Starfall (The Fables of Chaos Book 1)
Page 32
Isec had already had to order the discontinuation of all the celebrations in the city after the prince’s maiming, and organise the city watch to maintain the peace while also ensuring the protection of the royal families back inside the fortress.
The stress had left Isec with a splitting headache, as if a hammer were repeatedly bashing him in the temple.
“I spoke the truth, father! I did what I had to do!” Wesley said, breaking the silence he had maintained since injuring the prince. His eyes were bloodshot from crying and liquid ran from the boy’s nose, like that of a bubbling child.
Tobius arose suddenly and was mere inches away from Wesley; Isec was half expecting the king to strike his son, but he didn’t.
“This wasn’t some lowborn thug you injured, boy! You cleaved the arm off the prince of fucking Ashen!” Tobius barked.
“He took her from me!” Wesley snapped back.
“Oh, for fuck’s sake! So, you lost your favourite cunt to play with! I’ll get you another!”
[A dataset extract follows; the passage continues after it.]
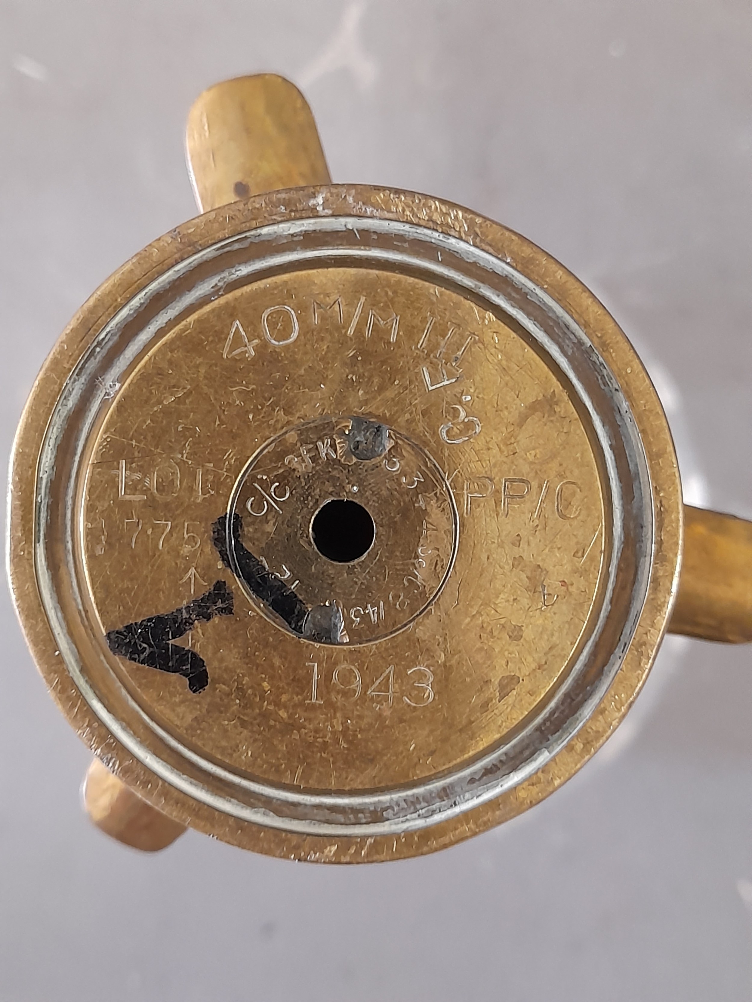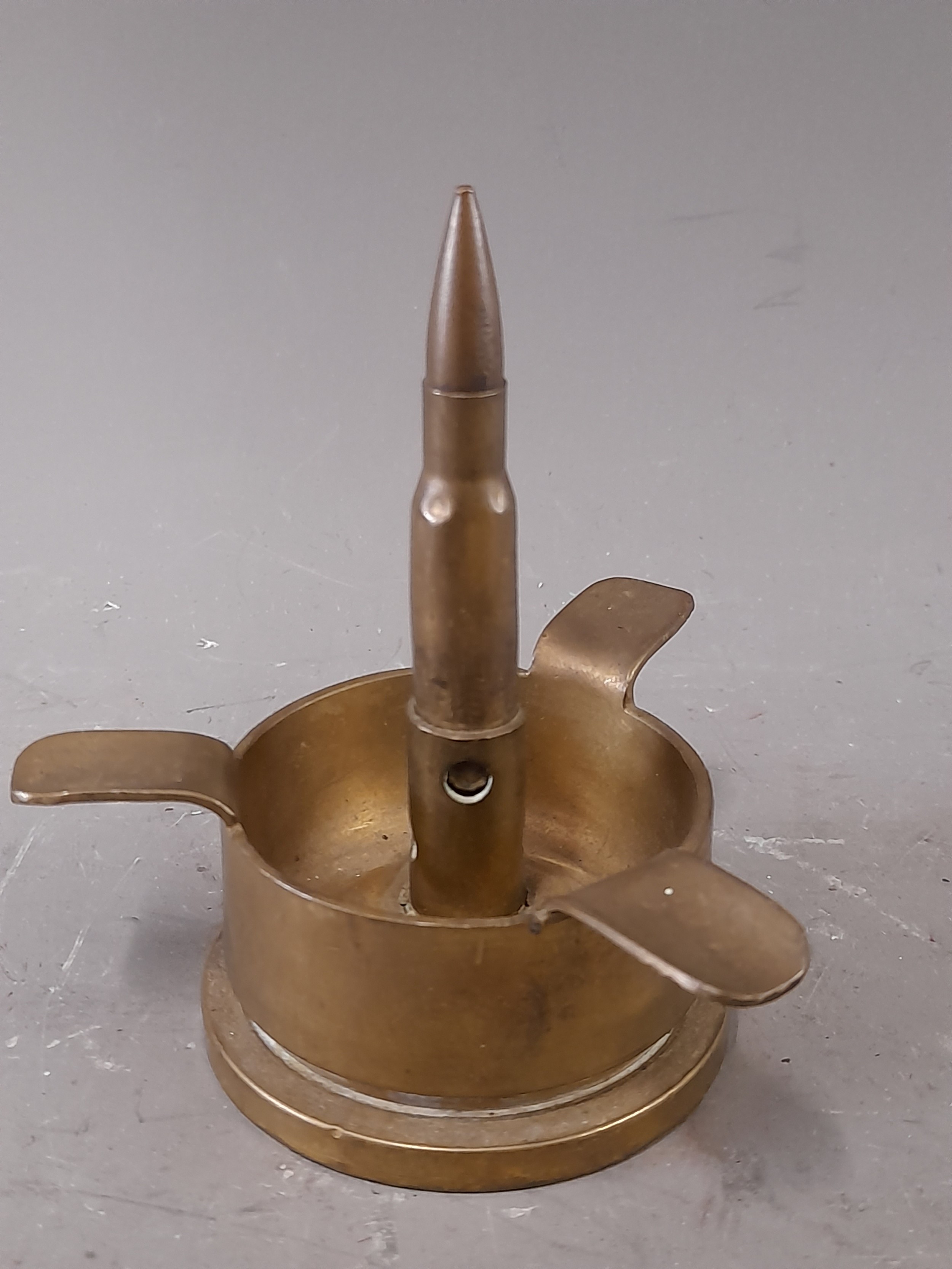Trench art, Brass Ash Tray made from a 1943 40mm Shell with Bullet Finial, 10cm high
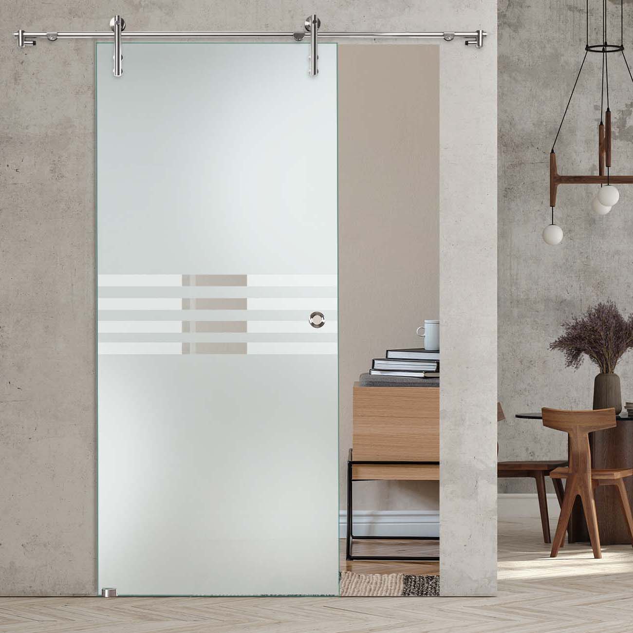 Produktinformationen "Schiebetür "259" mit V1000-Schiebesystem mit Sandstrahlung "

Isec could not help but sneer at the king’s words yet did well to hide it from sight. The last thing he wanted was Tobius going after him as well.
Tobius continued spouting his fiery words while pacing back and forth. “I found you a young, fertile princess who happened to be from Alyria’s most powerful family. But instead, you decide to attack her brother and fuck her sister-by-law! Were you dropped on your head as a babe, boy?”
Wesley shook his head from side to side, weeping into his hands. “I…I’m sorry, father.”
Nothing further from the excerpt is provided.